Los niños llegaron corriendo a donde se encontraba su entrenador, completamente alertas, sí que habían sido entrenados de buena manera.
— ¿Me recuerdas? —preguntó Masamune, el padre de Sakura estiró una mano queriendo proteger a los niños. —Así debiste proteger a tu hija.
— ¿Qué es lo que quiere Itachi Uchiha aquí? Esa niña no se encuentra aquí, si vas a eliminarla...—continuó el Haruno, activando todos sus sentidos.
—Aún es muy pronto para que Sakura se convierta en una estrella junto a su madre. —dijo Masamune, revoloteando en el aire ahora. —Pero esos niños, lucen apetitosos ante mis ojos.
Antes de que el padre de Sakura pudiera hacer algo, sintió la mano del Uchiha sobre su hombro, desde ese instante supo que su destino había sido sellado.

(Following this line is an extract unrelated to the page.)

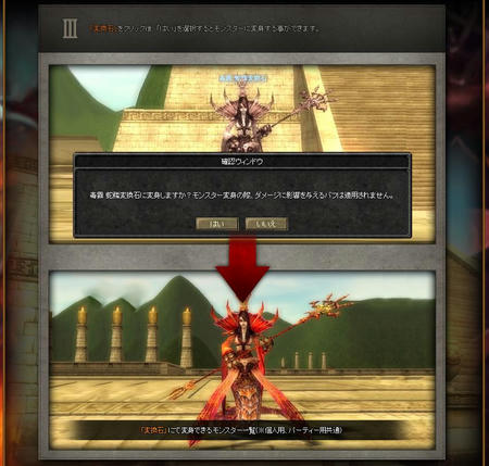 →「百錬の戦場」内部にある「変換石」を使用することで、モンスターに変身することが可能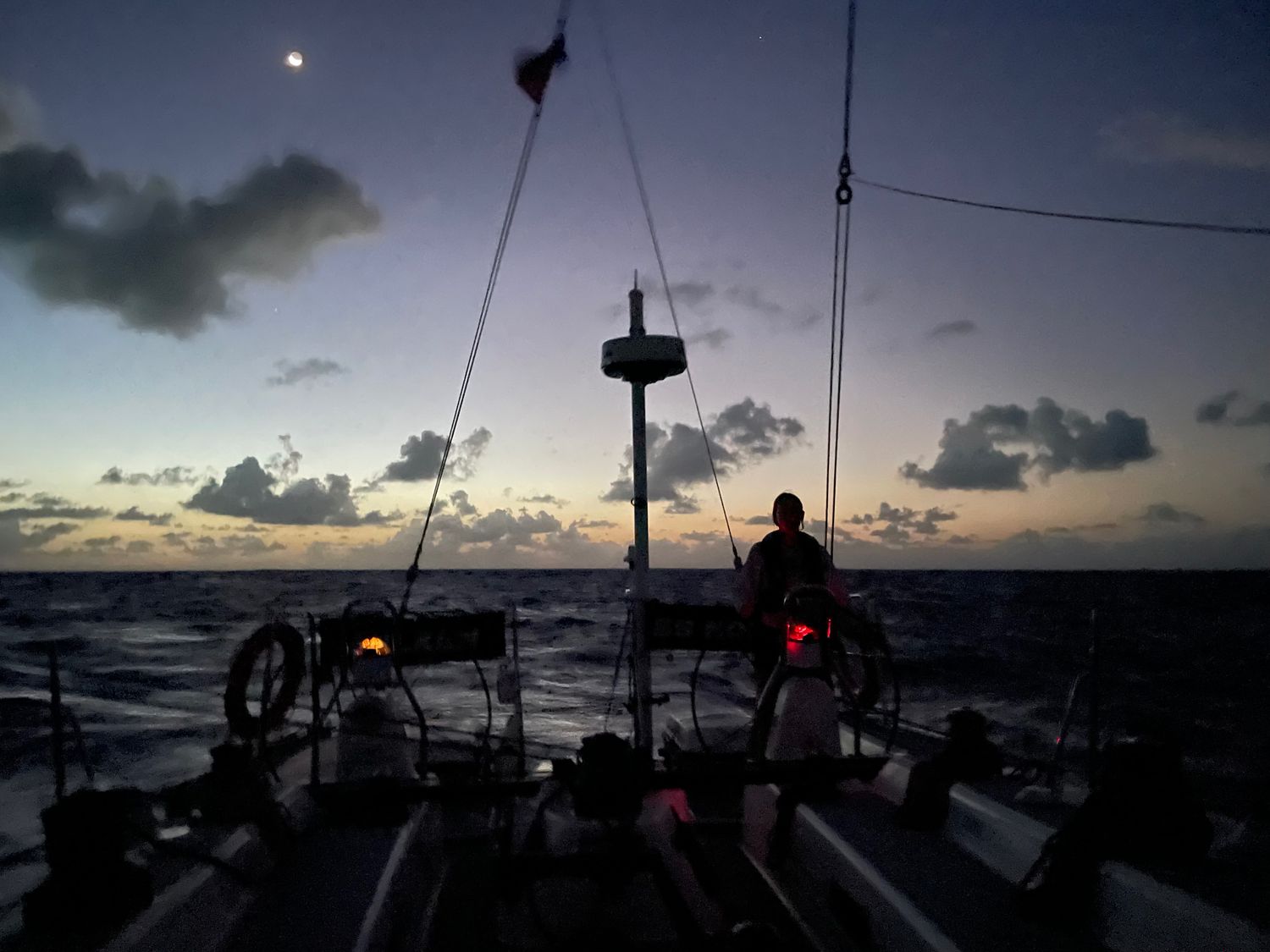 We had an amazing night with a sky filled of stars, except for a short lived rain cloud that came over us earlier in the night. We had Scorpio behind us with Libra above, while Orion was setting just behind the jib.

—Tú y yo, tenemos asuntos pendientes. —condenó Itachi, activando el sharingan, dejando que Masamune devorara todo aquel que se le pusiera enfrente.
Aquel fue el recordatorio que las bestias más pacificas podían ser las más peligrosas. Y, aunque los gritos de los niños apenas duraron unos segundos, el clan Haruno se aseguró de recordar eso para toda la eternidad.